Размечтавшись, вспоминая своё детство, я незаметно уснул, и проснулся лишь тогда, когда меня разбудила Аня, чтобы обедать, да собираться на работу во вторую смену. Моё детство тут же закончилось, перебросив меня в действительность.
Пообедав, мы собрались с Аней, и отправились на труд, оставив сына на попечение матери и сестёр Ани, которые с удовольствием игрались с ним, представляя себя матерями.
Заработки наши были не очень большими, чтобы насобирать на дом за одну зиму, но главное надо было закупить лес, вот к этому я и стремился. Понемногу откладывали, но мать постоянно бурчала, что не хватает денег, намекая на то, чтобы Аня отдавала ей все деньги на хозяйство, но я не позволил ей этого сделать, в результате чего мы смогли собрать необходимую сумму.
У нас на фабрике можно было выписать лес молодым семьям, у которых имеются участки под строительство. Чем мы и воспользовались, в результате мы к апрелю месяцу привезли лес и разгрузили его возле дома родителей Ани. За апрель я ошкурил все брёвна и, уложив их на толстые прокладки, увязал проволокой, и оббил гвоздями. Привёз я также и пару дубков под фундаментные опоры, на которые и будет собираться сруб.
Весной, вернее уже к лету, к нам стал наведываться брат Ани Митя, который проживал в Смолевичах у бабушки. Я его видел несколько раз, когда с Аней приезжали, или приходили на речку покупаться. Непонятно почему, но он жил у бабушки, ходил там в школу. Слышал, что бабушка не отпустила его жить в город, из-за того, что он был слабеньким, и постоянно болел. Ему было лет тринадцать не больше, но смотрелся действительно лет на десять, хотя был жизнерадостным и шустрым. Он упросил мать остаться в городе, чтобы мне помогать, вот с ним мы и ошкуривали лес, да укладывали его.
Второго июня нашему Сашке исполнился годик, но он ещё не мог ходить. Вернее он ходил, но очень немного, и то боялся ступить хоть шажок без мамы, или бабушки. Только к концу июня он побежал, и для всех начались проблемы, потому что хватал всё, что попадало под руку, и куда зря относил. После каждого такого движения, в доме начинался скандал, который иногда грозил перерасти в серьёзную ссору, а нам ну никак нельзя было сейчас портить отношения с родителями. Осень не за горами, а там моя армия и куда Ане было деваться с ребёнком.

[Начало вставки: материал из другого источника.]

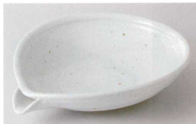
04511-076 2,100円 250716317 白唐津7.0片口平鉢 (230×208×57mm)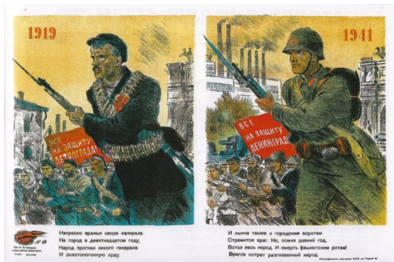
Ил. 5. Плакат 1919–1941. Все на защиту Петрограда!

Через год политическая ситуация изменилась, и победа над Юденичем использовалась уже для поднятия духа защитников города. Особенно часто его вспоминали в августе–сентябре 1941 г., сравнивая оборону города с ситуацией 1919 г. Так, появился плакат, изображающий рабочего с винтовкой в 1919 г. и красноармейца 1941 г. со стихами (ил. 5):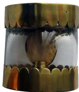
Relique de saint Loup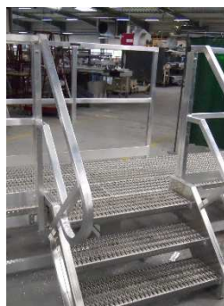
PLATEFORME DE TRAVAIL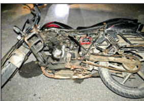
मौके से बरामद हुई बाइक।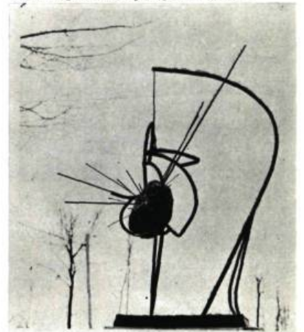
Jean Gauguet-Larouche Sculpture métal, 1964, 60" (153 cm)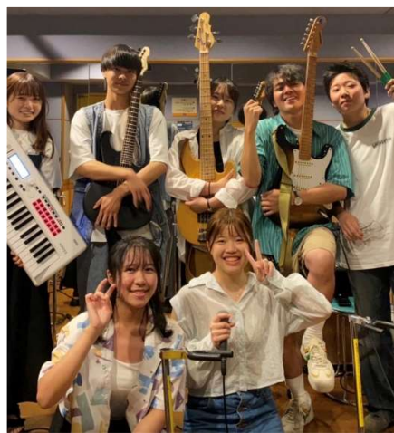
輕音サークル Sound house zoo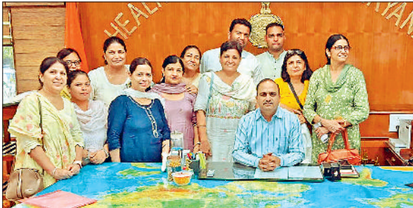
जीद। डीजी से मुलाकात करती आल नर्सिंग ऑफिसर्स वेलफेयर एसोसिएशन।

ऑल नर्सिंग ऑफिसर्स वेलफेयर एसोसिएशन हरियाणा ने नर्सिंग ऑफिसर्स की मांगों को लेकर स्वास्थ्य महानिदेशक (डीजी) हरियाणा डा. रणदीप सिंह पुनिया से मुलाकात की। साथ ही हरियाणा के मुख्यमंत्री से भी मुलाकात कराने के लिए समय दिलवाने का आग्रह किया। इसके लिए एसोसिएशन को एक सप्ताह का समय डीजी की तरफ से दिया गया। बुधवार को चंडीगढ़ पहुंची ऑल नर्सिंग

Когда наступал выходной, мы с ней забирали с собой Сашку и шли на наш участок и проводили там всё свободное время, давая, таким образом, остыть напряжению, которое накапливалось в течение недели. Потом мы стали уходить с ночёвкой в субботу, и возвращались только в понедельник, когда нам было идти на работу во вторую, или ночную смену.

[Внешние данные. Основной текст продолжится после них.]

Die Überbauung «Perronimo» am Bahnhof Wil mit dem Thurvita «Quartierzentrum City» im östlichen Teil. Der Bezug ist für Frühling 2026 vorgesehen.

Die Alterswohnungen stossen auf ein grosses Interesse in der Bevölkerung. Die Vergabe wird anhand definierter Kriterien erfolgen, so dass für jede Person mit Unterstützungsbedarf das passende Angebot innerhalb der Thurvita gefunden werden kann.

Мы за весну разработали весь участок и посадили там картошку, а также бурак, так называлась свекла в наших местах. Кроме этого Аня посадила сук, морковь и капусту, и ухаживала за этими грядками, а я пытался пристраивать хоть какой-то сарайчик, в котором планировал выкопать что-то типа небольшого погреба. Перекрыв его толстым горбылём, чтобы хранить в нём семенную картошку, укрыв его на зиму шигалью из-под сосен вместе с шишками, чтобы на следующий год Ане не таскать семена.
Так, в трудах и заботах, незаметно пролетело и лето. Матвей так и не приехал с Дусей, написав мне в письме, что приедут на следующий год.
– Какой следующий год? – писал я ему в ответном письме. – Меня осенью забирают в армию, и когда я появлюсь не понятно!
К сентябрю месяца стало понятно, что Аня снова забеременела, и это уже было не до смеха. В военкомате мне отказались давать отсрочку, и даже накричали на меня, сказав, что у каждого есть дети, и ничего, служат.
На сей раз, отец приехал с матерью сразу после её дня рождения, в начале октября. Он спешил, понимая, что может уже не застать меня дома. Привезли снова мяса, просоленного в большой кадке, а также килограмм семьдесят свежего, хорошо просоленного сала, с десяток живых гусей и целую корзину яиц. По поводу картошки и овощей я им писал, чтобы не везли, так как вырастили свой урожай.
Пробыв у нас два дня, дав передохнуть лошадям, они уехали, заодно попрощавшись со мной. Повестка на призыв была у меня уже на руках, и в начале ноября я должен был явиться в военкомат, как говорится, с вещами.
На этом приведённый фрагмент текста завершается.